- **THE TASK**: Show only those lines of the entries where the string "para" is found.

[Source data]
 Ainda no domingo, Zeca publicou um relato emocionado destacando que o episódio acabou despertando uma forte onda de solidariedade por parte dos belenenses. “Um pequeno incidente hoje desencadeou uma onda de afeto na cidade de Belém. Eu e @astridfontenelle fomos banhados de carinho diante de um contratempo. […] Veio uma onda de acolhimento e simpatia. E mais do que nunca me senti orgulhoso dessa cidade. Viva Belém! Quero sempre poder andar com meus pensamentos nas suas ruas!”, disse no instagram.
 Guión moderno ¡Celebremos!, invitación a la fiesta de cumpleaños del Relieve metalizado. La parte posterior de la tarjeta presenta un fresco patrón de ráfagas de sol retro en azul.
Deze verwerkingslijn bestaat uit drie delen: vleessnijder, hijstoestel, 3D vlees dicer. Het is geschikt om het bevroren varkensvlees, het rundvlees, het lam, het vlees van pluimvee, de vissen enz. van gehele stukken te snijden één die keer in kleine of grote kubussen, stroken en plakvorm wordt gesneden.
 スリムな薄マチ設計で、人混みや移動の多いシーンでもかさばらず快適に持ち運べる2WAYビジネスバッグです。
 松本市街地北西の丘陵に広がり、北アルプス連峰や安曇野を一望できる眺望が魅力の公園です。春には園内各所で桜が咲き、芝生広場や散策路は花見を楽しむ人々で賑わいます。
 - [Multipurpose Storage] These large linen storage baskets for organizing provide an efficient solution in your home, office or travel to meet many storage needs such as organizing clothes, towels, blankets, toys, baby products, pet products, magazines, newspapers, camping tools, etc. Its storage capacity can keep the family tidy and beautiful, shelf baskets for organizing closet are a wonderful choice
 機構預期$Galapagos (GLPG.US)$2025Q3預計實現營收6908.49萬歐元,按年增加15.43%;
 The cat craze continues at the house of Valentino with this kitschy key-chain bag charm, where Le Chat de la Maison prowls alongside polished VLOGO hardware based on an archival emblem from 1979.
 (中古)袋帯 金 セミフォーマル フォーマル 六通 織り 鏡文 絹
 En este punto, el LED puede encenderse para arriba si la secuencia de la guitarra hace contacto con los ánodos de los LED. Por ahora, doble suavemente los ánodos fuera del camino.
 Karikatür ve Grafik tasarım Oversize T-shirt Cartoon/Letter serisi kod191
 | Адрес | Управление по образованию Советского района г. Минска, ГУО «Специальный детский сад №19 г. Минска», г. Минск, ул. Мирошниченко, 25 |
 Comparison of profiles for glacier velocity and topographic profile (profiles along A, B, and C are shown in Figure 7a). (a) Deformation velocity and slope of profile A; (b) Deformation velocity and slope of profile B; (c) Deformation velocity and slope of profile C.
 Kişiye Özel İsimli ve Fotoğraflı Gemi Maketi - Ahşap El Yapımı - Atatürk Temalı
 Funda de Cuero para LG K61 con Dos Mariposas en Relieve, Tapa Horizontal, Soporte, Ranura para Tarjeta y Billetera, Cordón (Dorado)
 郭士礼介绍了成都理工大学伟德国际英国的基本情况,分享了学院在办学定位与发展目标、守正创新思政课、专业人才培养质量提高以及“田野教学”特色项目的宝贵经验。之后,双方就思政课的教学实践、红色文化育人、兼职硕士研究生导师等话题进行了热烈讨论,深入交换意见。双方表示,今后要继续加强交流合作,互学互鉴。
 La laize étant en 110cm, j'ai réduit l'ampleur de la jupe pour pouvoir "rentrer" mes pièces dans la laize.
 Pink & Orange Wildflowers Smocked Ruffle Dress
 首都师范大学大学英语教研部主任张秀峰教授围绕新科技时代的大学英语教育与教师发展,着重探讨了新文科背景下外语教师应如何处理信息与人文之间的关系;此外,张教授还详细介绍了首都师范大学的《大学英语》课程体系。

- **WRITTEN REPLY**:
 En este punto, el LED puede encenderse para arriba si la secuencia de la guitarra hace contacto con los ánodos de los LED. Por ahora, doble suavemente los ánodos fuera del camino.
 Funda de Cuero para LG K61 con Dos Mariposas en Relieve, Tapa Horizontal, Soporte, Ranura para Tarjeta y Billetera, Cordón (Dorado)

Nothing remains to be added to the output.